Là se situe une importante différence avec le droit français. D’une façon concrète, cette différence est à l’image même de celle qui existe sur les autoroutes ! Prenons le cas allemand : avant la sortie d’autoroute, un panneau indicateur mentionnera les directions que l’on peut prendre à la prochaine sortie ; il faut être extrêmement attentif à ces indications qui ne se renouvelleront pas ensuite, c’est-à-dire comme en France, tout près de la sortie elle-même ... Pas de seconde chance donc !

Or, dans la configuration française légale actuelle, l’étranger pris en situation d’illégalité, se verra dans un premier temps notifier un refus de séjour, puis quelque temps plus tard, une RF indépendante, fondée sur le refus, et lui précisant ... « la direction de la sortie » (avec le pays de destination), au cas où il n’aurait pas compris la signification du refus de séjour.

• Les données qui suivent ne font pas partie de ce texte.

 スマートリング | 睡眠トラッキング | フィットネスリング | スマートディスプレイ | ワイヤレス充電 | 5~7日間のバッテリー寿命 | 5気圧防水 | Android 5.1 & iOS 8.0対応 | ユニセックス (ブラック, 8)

On voit bien dès lors, que la réunion des trois volets (généralement) en une seule décision, correspond à un formalisme moindre : si l’étranger n’a pas attaqué la décision de refus de TS comprenant également l’OQTA et la RF, dans le délai d’un mois, en introduisant un « contredit », puis une requête auprès du TA, il ne pourra plus, par la suite, contester cette décision, devenue définitive. Une seule indication, pas davantage.

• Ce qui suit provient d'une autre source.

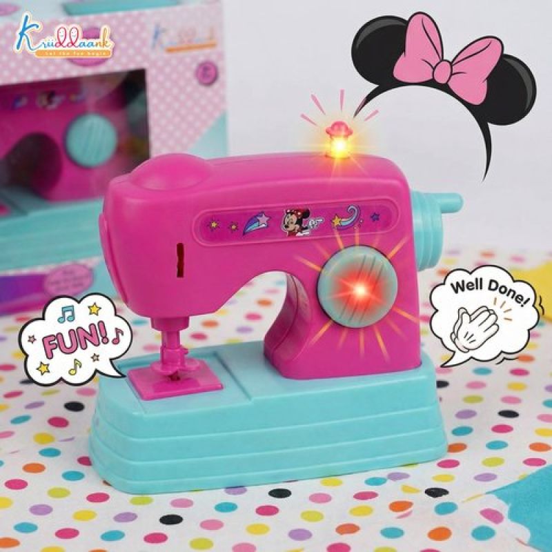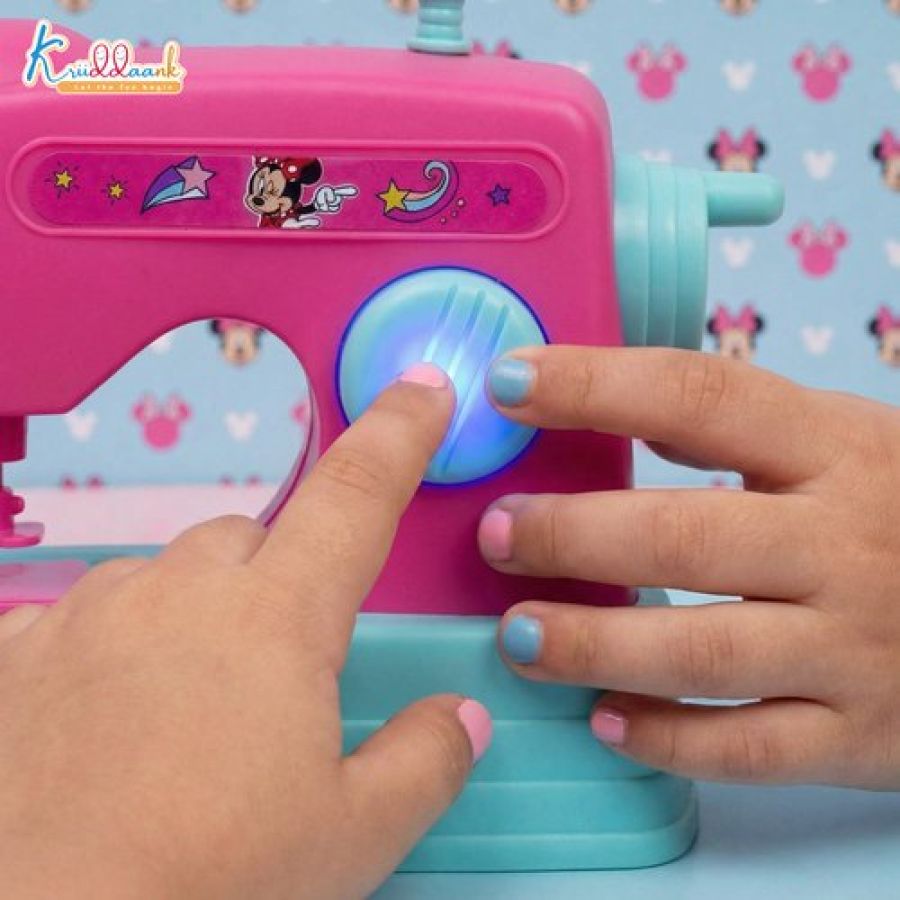 Kriiddaank Minnie Mouse Theme Mini Sewing Machine Toy for Kids 3+, Pink Educational Pretend Play Household Toy with Interactive Buttons, Battery Operated Role Play Toy for Girls

Ce type de procédure répond ainsi à une exigence d’efficacité, non seulement pour l’administration elle-même, qui peut à tout moment (sous réserve de l’effet suspensif demandé ou pas) mettre à exécution la RF, sans le formalisme supplémentaire français de l’APRF (arrêté préfectoral de reconduite à la frontière), mais également pour le juge, qui se prononcera, le cas échéant, sur une seule décision, et dans des conditions bien différentes de la « version française ».

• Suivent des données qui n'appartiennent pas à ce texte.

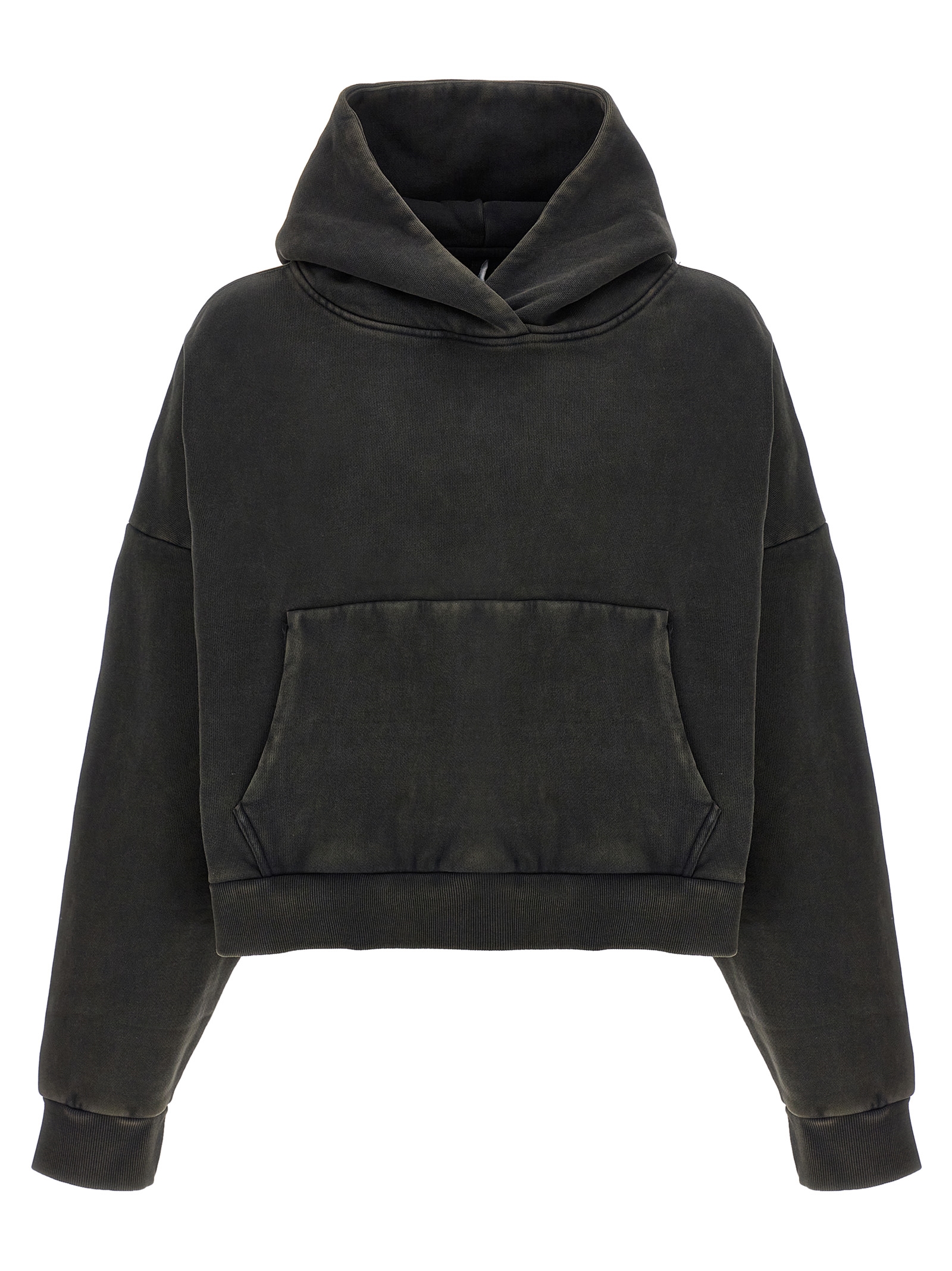 Faded cotton hoodie with kangaroo pocket, long cuffed sleeves and dropped shoulders.

Dans la même veine d’un formalisme moindre et d’une efficacité plus grande, il nous faut également aborder la question de l’effet d’une RF.

La reconduite à la frontière du territoire allemand n’est pas aussi « anodine » qu’en France, car elle comporte notamment comme conséquence une véritable interdiction du territoire (Aufenhaltsverbot).

Cela résulte en effet clairement de l’article § 11 AG (qui vise également l’expulsion).

Ainsi et de la même façon qu’une OQTA accompagne un refus de séjour, une reconduite à la frontière emporte automatiquement interdiction, a priori illimitée, du territoire allemand (ITA)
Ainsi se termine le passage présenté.